### Task brief
Below are entries with pictures in them. Output exactly the lines starting at the line with "If you walk" and ending at the line with "4х100; •отвертка PH 1х100 |", both included, but not the pictures.

### Working data
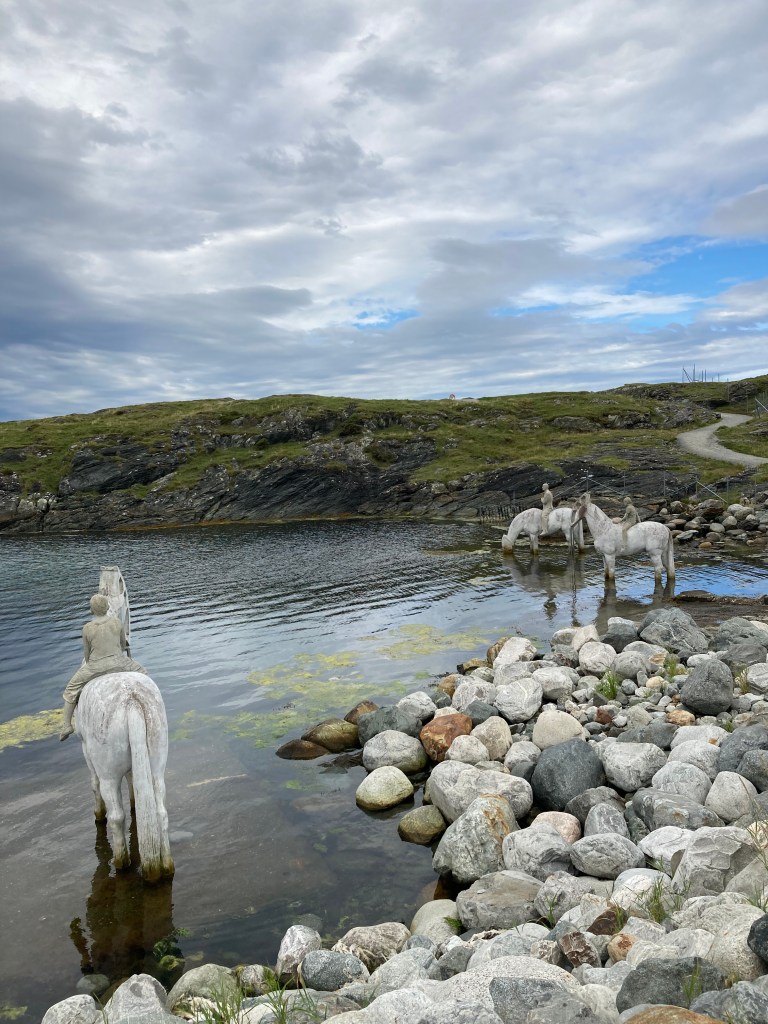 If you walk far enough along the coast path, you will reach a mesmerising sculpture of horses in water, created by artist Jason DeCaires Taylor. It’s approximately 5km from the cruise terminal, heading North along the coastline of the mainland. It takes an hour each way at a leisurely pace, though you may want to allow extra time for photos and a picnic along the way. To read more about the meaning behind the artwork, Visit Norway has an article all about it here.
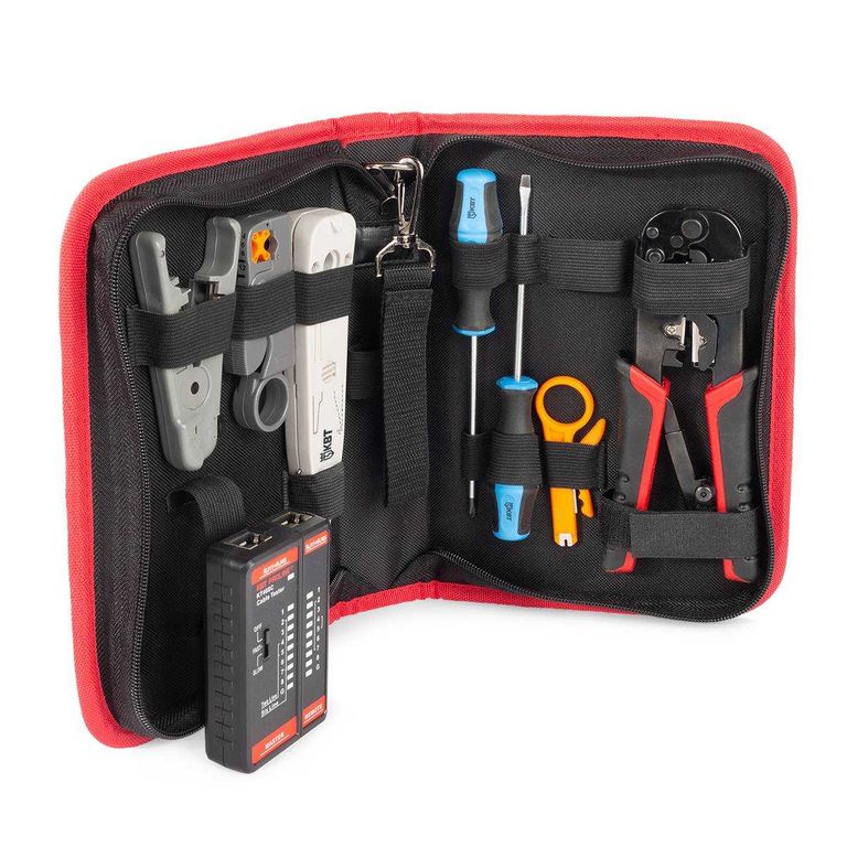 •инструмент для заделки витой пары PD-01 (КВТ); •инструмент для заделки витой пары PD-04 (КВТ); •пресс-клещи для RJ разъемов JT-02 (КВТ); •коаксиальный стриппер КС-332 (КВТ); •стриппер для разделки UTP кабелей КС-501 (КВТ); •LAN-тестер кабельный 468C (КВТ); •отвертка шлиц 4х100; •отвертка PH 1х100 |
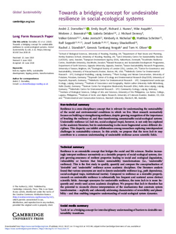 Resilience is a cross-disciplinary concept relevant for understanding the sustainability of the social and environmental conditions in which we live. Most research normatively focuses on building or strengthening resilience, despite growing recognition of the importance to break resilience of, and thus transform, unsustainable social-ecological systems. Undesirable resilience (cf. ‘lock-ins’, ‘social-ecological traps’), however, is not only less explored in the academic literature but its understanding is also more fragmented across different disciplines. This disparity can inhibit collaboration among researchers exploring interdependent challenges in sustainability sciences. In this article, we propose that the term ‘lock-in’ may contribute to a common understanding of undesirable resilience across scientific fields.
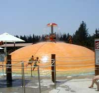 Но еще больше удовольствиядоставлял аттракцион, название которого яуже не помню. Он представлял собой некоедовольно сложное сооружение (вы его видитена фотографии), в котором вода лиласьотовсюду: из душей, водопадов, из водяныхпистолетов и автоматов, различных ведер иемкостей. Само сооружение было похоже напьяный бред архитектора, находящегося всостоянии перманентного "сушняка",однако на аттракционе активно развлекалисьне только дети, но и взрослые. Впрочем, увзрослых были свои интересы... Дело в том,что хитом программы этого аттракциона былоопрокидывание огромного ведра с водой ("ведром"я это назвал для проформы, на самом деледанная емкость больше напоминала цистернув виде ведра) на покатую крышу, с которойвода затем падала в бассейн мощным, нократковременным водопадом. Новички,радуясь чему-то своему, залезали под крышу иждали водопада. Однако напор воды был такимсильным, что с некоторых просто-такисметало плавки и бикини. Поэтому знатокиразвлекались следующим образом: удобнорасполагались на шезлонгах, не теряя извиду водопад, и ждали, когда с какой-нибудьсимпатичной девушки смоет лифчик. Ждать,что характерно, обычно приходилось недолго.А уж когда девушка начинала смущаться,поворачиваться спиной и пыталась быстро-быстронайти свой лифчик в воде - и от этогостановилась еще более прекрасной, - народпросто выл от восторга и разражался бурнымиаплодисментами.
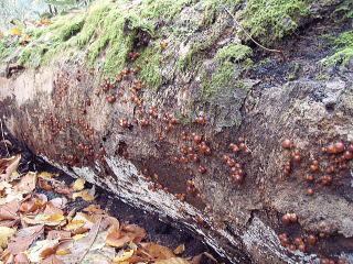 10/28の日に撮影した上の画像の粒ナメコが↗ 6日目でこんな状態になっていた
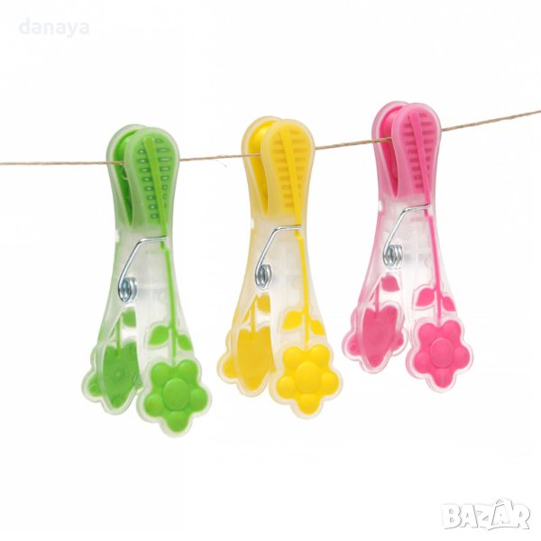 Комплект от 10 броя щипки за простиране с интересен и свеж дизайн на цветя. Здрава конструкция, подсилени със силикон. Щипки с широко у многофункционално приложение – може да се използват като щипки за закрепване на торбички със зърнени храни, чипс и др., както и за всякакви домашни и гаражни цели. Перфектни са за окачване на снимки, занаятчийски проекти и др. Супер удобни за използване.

---

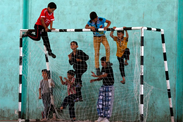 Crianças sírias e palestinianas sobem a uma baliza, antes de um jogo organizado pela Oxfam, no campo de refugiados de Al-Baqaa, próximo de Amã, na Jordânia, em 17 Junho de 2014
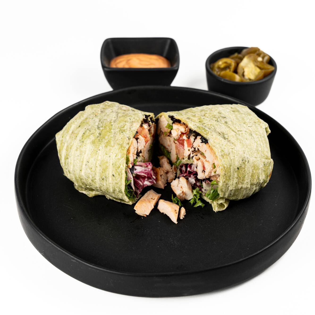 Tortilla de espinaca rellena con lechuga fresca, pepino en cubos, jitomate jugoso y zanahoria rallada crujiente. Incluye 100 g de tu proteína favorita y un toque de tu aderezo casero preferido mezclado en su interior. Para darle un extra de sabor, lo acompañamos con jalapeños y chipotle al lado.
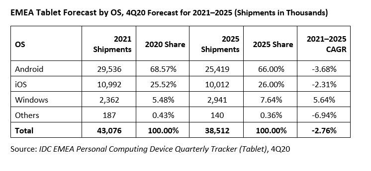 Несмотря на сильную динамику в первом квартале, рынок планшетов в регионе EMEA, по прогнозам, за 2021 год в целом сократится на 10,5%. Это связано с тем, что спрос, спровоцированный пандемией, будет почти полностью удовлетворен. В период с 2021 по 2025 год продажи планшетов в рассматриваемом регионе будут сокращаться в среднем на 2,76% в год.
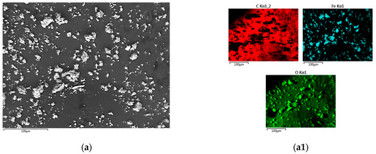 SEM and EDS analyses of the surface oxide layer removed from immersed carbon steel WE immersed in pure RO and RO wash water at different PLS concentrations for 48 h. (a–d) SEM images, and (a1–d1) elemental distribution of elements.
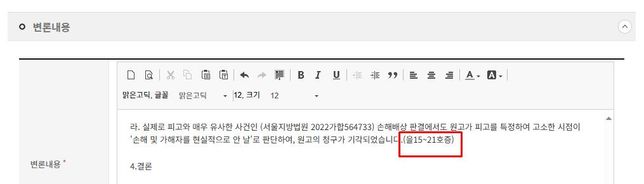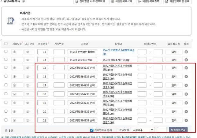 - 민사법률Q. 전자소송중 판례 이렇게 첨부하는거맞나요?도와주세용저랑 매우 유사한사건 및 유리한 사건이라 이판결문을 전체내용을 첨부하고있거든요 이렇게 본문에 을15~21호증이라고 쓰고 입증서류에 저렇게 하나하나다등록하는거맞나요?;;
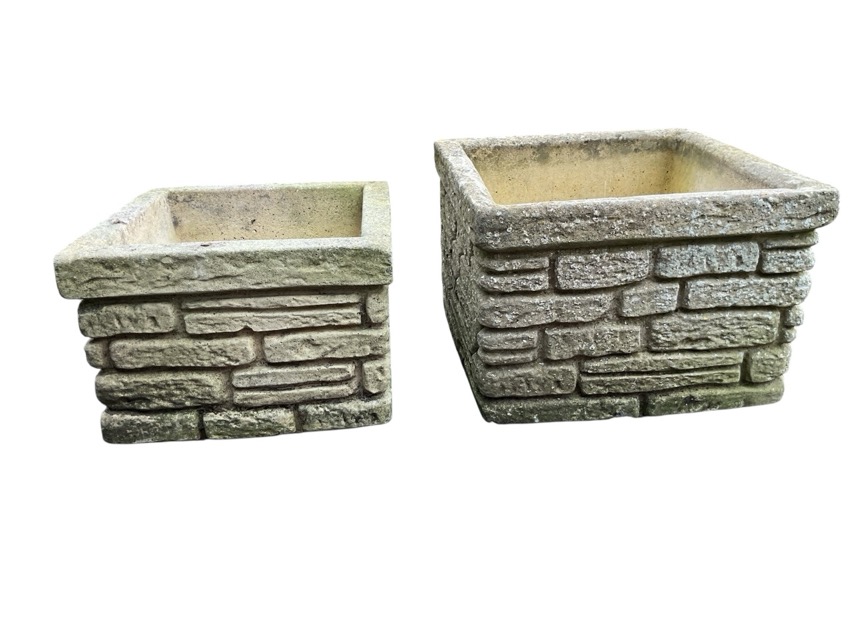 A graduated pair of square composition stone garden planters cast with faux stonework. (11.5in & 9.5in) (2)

==

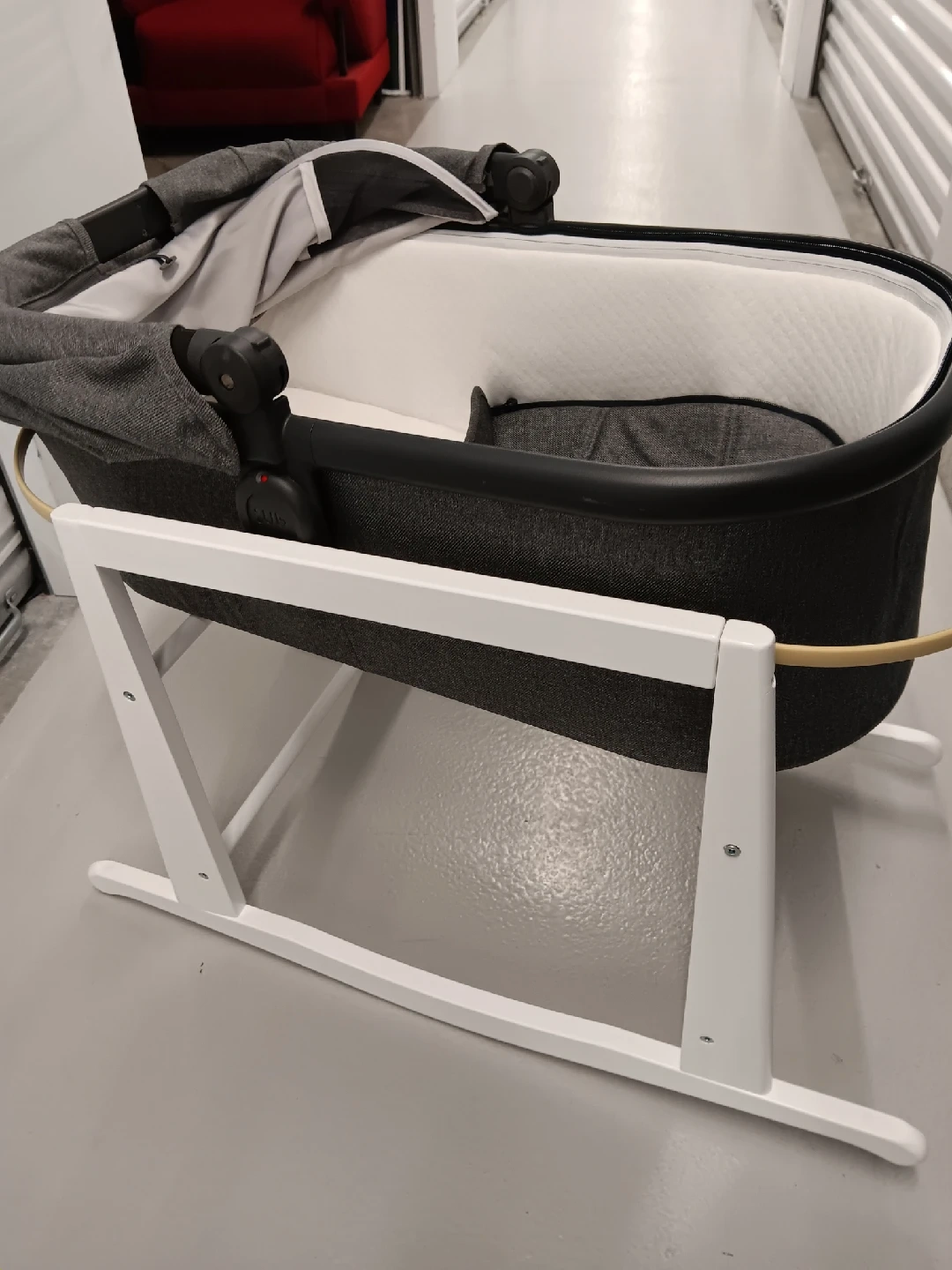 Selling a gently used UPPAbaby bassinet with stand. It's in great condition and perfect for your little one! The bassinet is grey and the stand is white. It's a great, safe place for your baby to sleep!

### Exercise answer
 If you walk far enough along the coast path, you will reach a mesmerising sculpture of horses in water, created by artist Jason DeCaires Taylor. It’s approximately 5km from the cruise terminal, heading North along the coastline of the mainland. It takes an hour each way at a leisurely pace, though you may want to allow extra time for photos and a picnic along the way. To read more about the meaning behind the artwork, Visit Norway has an article all about it here.
 •инструмент для заделки витой пары PD-01 (КВТ); •инструмент для заделки витой пары PD-04 (КВТ); •пресс-клещи для RJ разъемов JT-02 (КВТ); •коаксиальный стриппер КС-332 (КВТ); •стриппер для разделки UTP кабелей КС-501 (КВТ); •LAN-тестер кабельный 468C (КВТ); •отвертка шлиц 4х100; •отвертка PH 1х100 |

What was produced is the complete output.